— Exercise objective —
Pictures appear among the records below and must be omitted. Repeat exactly the lines from the line with "President's Choice- 1956 Sq.4 & sidecar" to the line with "Antioxidant: Minimizes/eliminates hot", both included.

Dataset records
▼
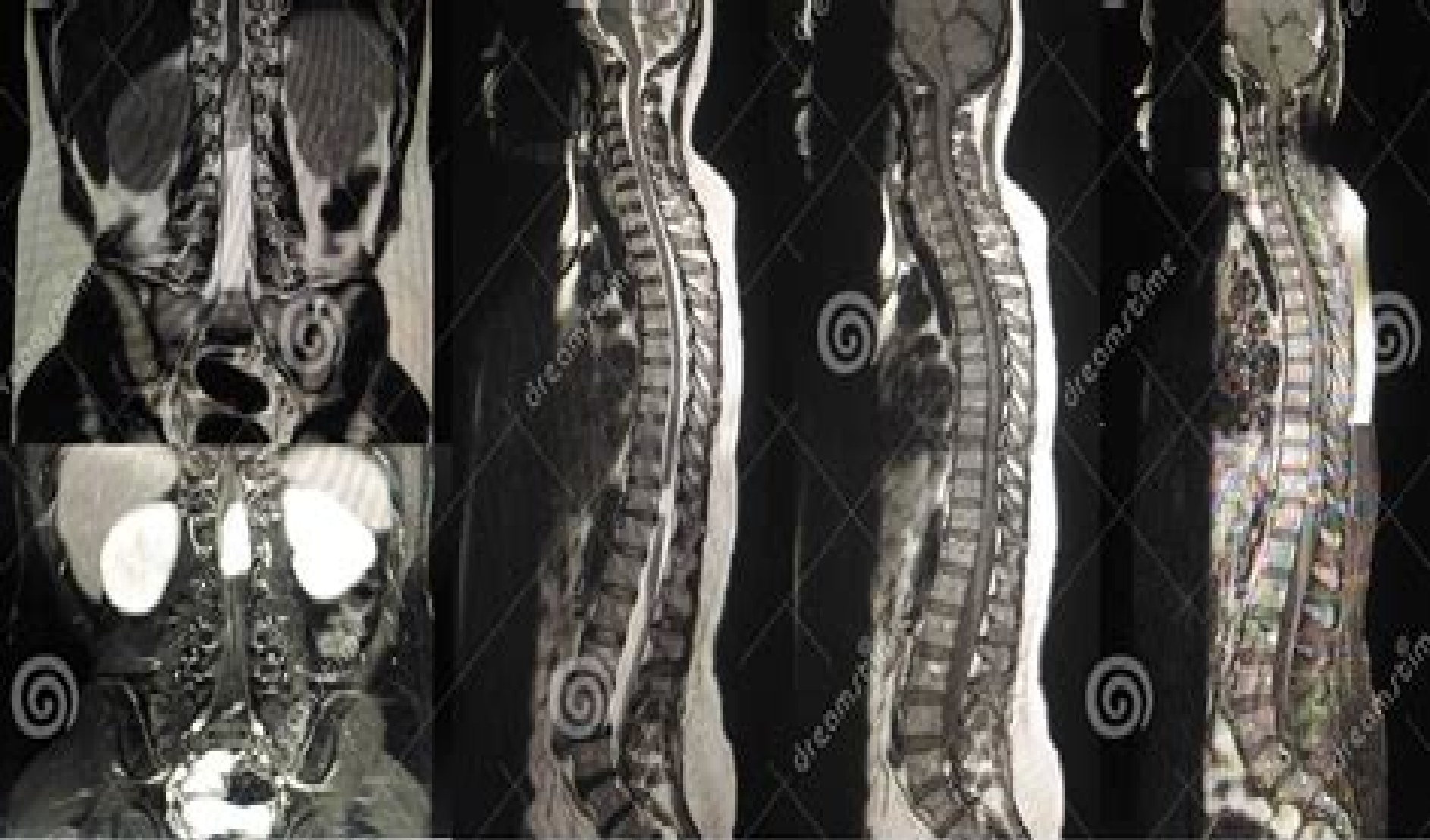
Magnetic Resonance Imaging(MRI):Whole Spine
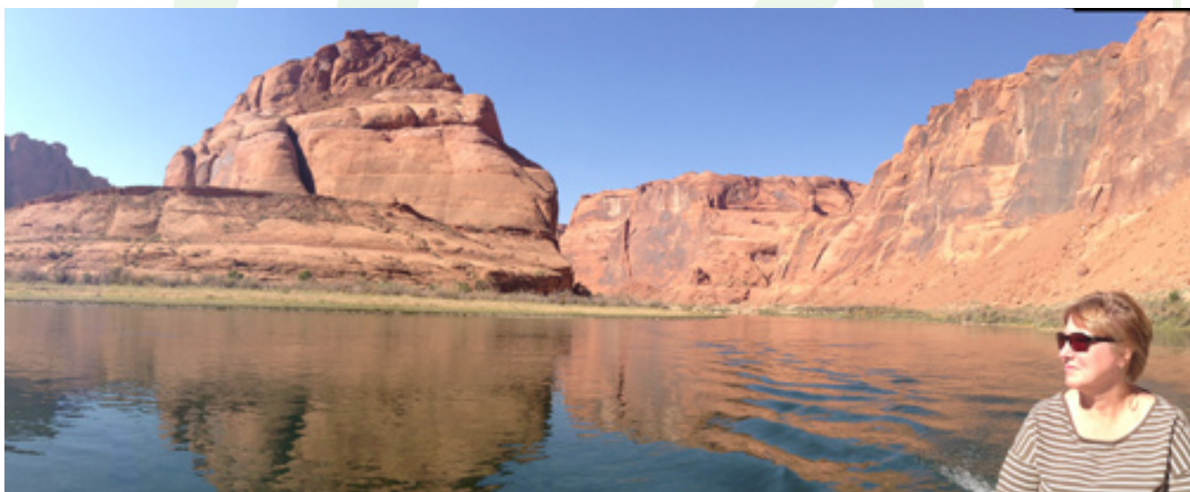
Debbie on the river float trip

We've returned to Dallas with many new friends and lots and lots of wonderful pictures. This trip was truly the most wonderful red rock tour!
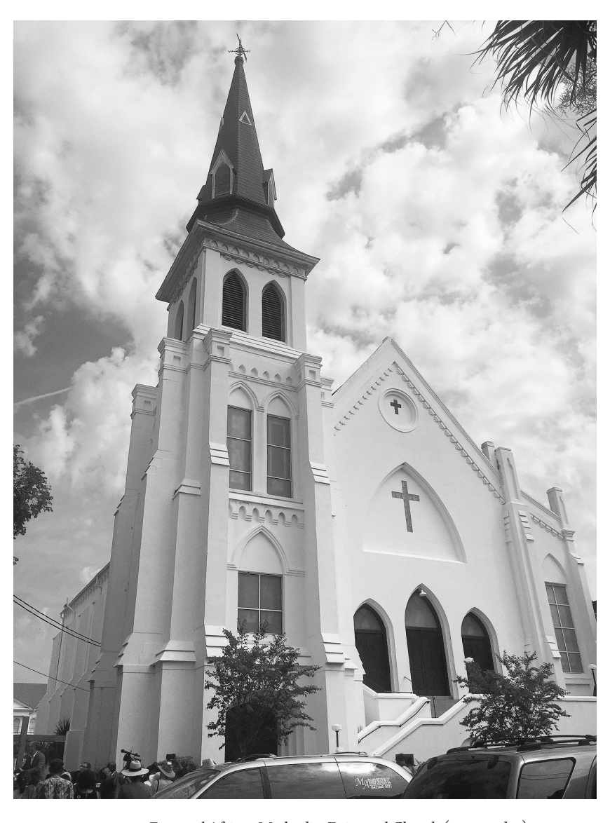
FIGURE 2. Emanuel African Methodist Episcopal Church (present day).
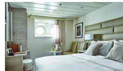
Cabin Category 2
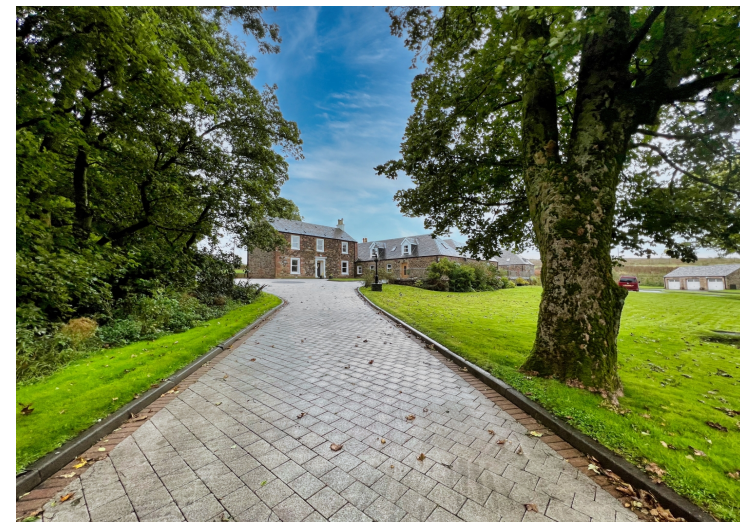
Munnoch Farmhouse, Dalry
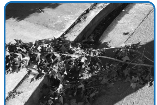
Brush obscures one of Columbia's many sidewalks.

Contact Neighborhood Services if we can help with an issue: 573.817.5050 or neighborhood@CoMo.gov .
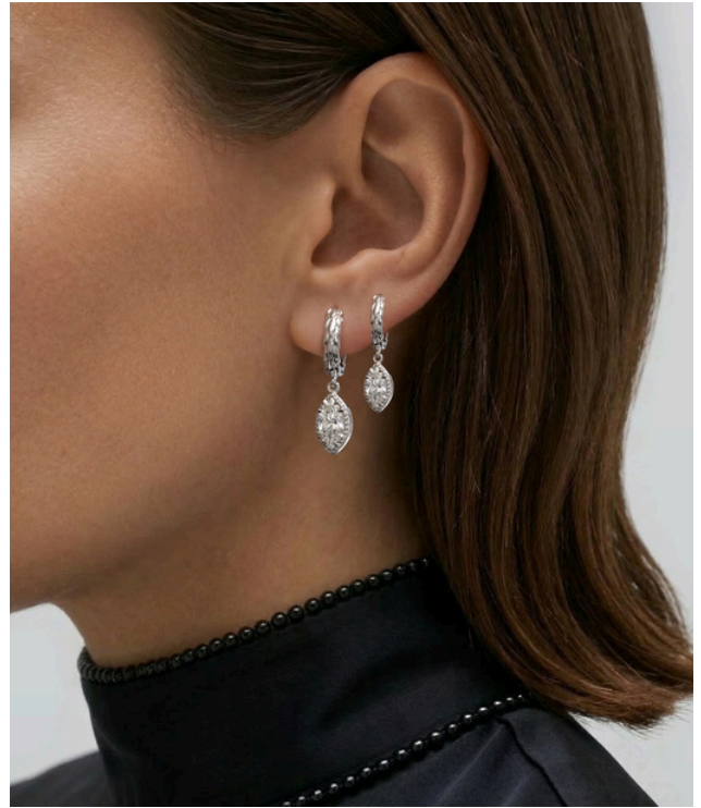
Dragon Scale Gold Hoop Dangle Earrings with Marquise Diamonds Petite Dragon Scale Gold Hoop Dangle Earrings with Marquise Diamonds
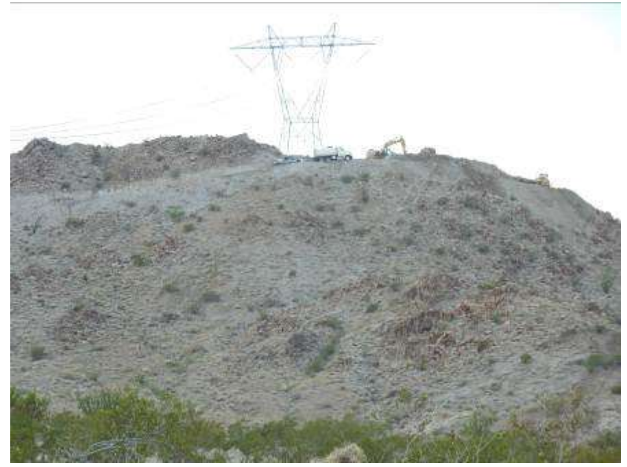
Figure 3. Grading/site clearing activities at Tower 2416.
▲
▼
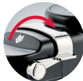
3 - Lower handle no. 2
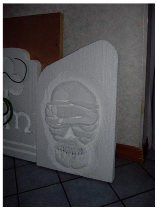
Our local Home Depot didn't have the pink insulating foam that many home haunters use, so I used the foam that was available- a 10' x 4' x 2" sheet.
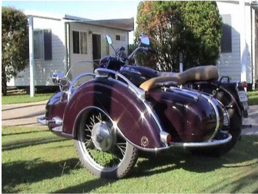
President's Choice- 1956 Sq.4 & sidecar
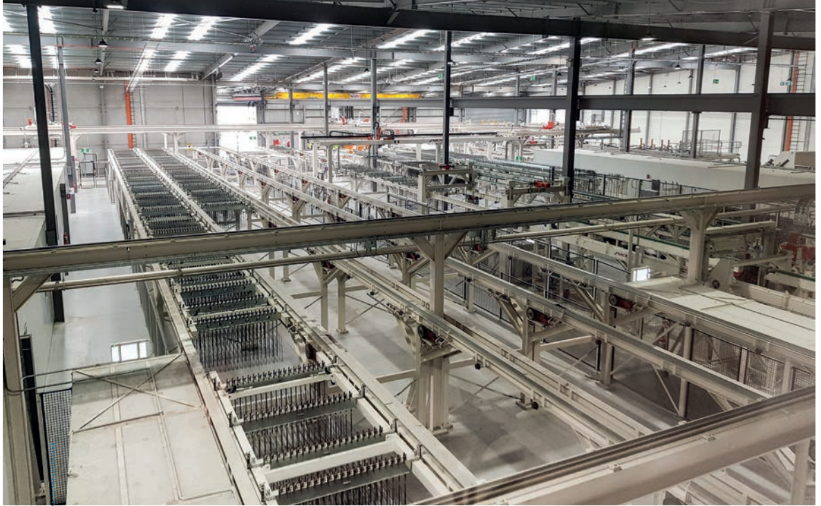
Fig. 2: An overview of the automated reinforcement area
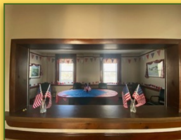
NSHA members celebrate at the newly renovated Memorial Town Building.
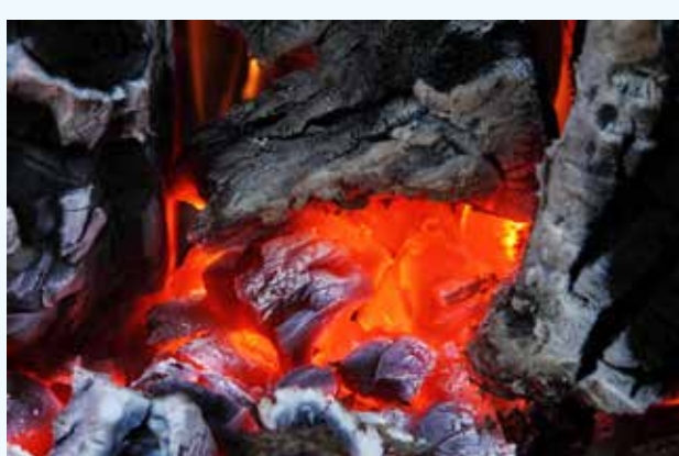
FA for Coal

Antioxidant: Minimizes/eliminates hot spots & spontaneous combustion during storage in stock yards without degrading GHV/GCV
▲
— Answer to this exercise —
President's Choice- 1956 Sq.4 & sidecar
Fig. 2: An overview of the automated reinforcement area
NSHA members celebrate at the newly renovated Memorial Town Building.
FA for Coal

Antioxidant: Minimizes/eliminates hot spots & spontaneous combustion during storage in stock yards without degrading GHV/GCV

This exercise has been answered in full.